If the patient’s blood glucose level is significantly elevated, AKA may be indistinguishable from diabetic ketoacidosis (DKA). Hypomagnesemia and hypophosphatemia are common problems seen in the laboratory evaluation due to decreased dietary intake and increased losses. As mentioned above, the direct measurement of serum beta-hydroxybutyrate is more sensitive and specific than the measurement of urine ketones. Starvation ketoacidoses patients may again have multiple electrolyte abnormalities due to chronic malnutrition, along with vitamin deficiencies. The pH may not be as low as in DKA or AKA, and the glucose levels may be relatively normal. Under normal conditions, cells rely on free blood glucose as the primary energy source, which is regulated with insulin, glucagon, and somatostatin.

Signs and symptoms of alcoholic ketoacidosis

You can prevent alcoholic ketoacidosis by limiting your alcohol intake. You can learn how to reduce your alcohol intake or eliminate it altogether. Joining a local chapter of Alcoholics Anonymous may provide you with the support you need to cope.

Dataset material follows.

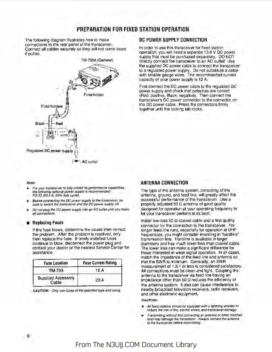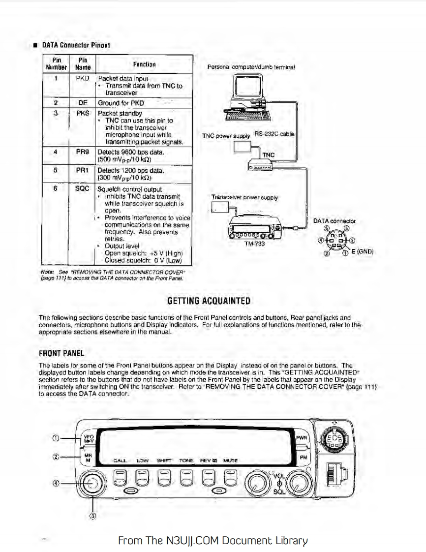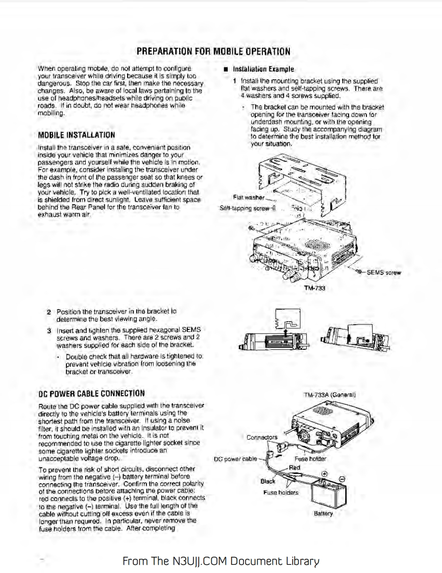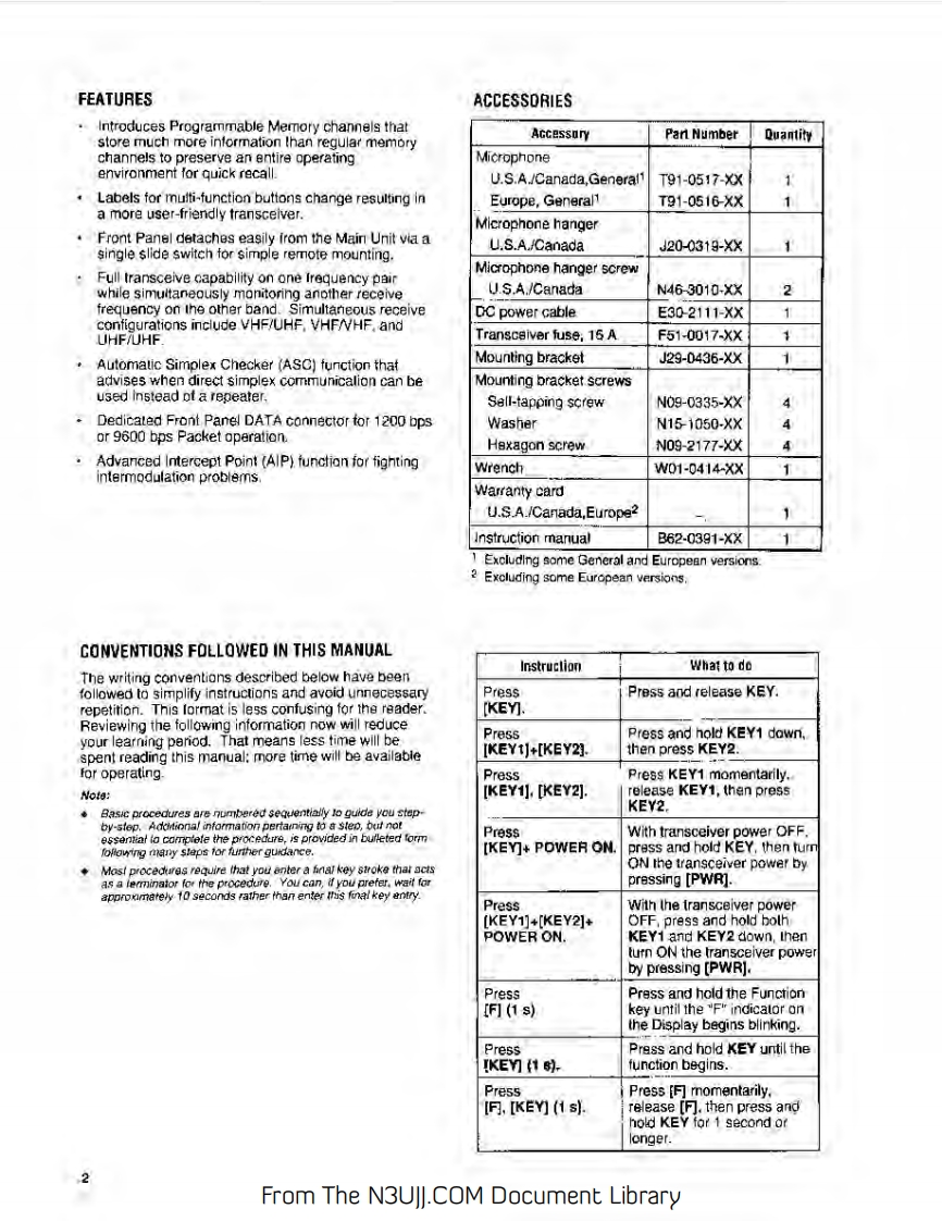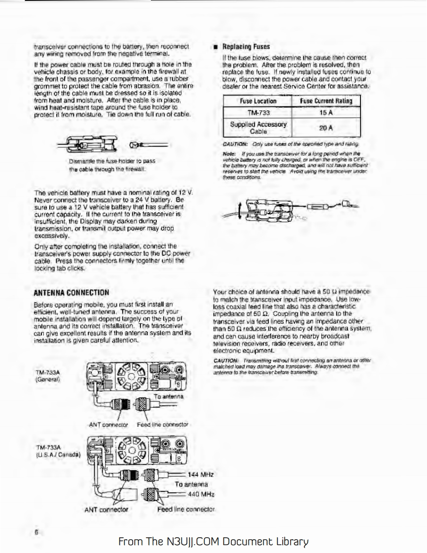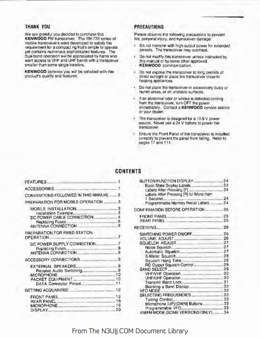 144/440 MHZ FM DUAL BANDERTM-733AKENWOOD144/430 MHz FM DUAL BANDERTM-733A144/430 MHz FM DUAL BANDERTM-733EINSTRUCTION MANUALKENWOOD CORPORATIONCPRINTED IN JAPAN B62-0391-60(K.P.E,M](MC)951211109876543Notice to the user:Models Covered by this ManualOne or more of the following statements may beTM-733A:144/440 MHz FM Dual Banderapplicable to this equipment.(U.S.A./Canada)TM-733E:144/430 MHz FM Dual BanderFCC WARNING(Europe)This equipment generates or uses raoo frequency gnergy.TM-733A:144/430 MHz FM Dual BanderChanges or modficabons to this equipmerd may cause harmtul(General)nterference unless the modfications are expressly approved in iheinstructon manual The user could lose the authority to operete tsequipment if an uneuthorited change or modification is made.Note:Functions requiring te microphone keyped,such as RemoteControl,cannat be used without a keypad-equpped microphone.This type of microphone is optonal for certain transrever versions.INFORMATION TO THE DIGITAL DEVICE USER REQUIRED BYTHE FCCThis equlpment hes beon tested and found to comoly with the lrtsfor a Ciass B digital device,pursuant to Part 15of the FCC Rules.These mits are desipned to provide reasonable protecton agnstharmfu interterancs in a residential instafiation.Ths equpment gensrates,uses and can gonerate radio Fequencyenergy and.话ot installed and used in accordance w价hensrucons,may cause narmful niererence to taocommurcations.However.thers is no guarantee that theequrpment does cause harmful interference to radio or felevisionreception.which can be determined by tuming the aqupment offand on,the user is encouraged to fry lo correct the interference byRgorient or relocate the receiving antenna.Increase the separation between the egupment and rgceiverConnect the aqupment lo an outet on a croul diferent fromthat to whach the recerver is connecied.Consut the deoler for technical assistance.From The N3UJJ.COM Document Library

• Note information about the patient’s social situation and the presence of intoxicating agents besides alcohol.
• The high ratio of NADH to NAD+ also favors the reduction of acetoacetate to beta-hydroxybutyrate.
• Group meetings provide support for people trying to quit drinking.
• Blood glucose levels and electrolytes should be monitored on an hourly basis during the initial phase of management.

Acetic acid (an acyl group carrier) is linked with coenzyme A (a thiol) to produce Acetyl-CoA. This process is catalyzed by the enzyme acetyl-CoA synthetase. The metabolism of alcohol itself is a probable contributor to the ketotic state. Alcohol dehydrogenase (ADH), a cytosolic enzyme, metabolizes alcohol to acetaldehyde in hepatocytes.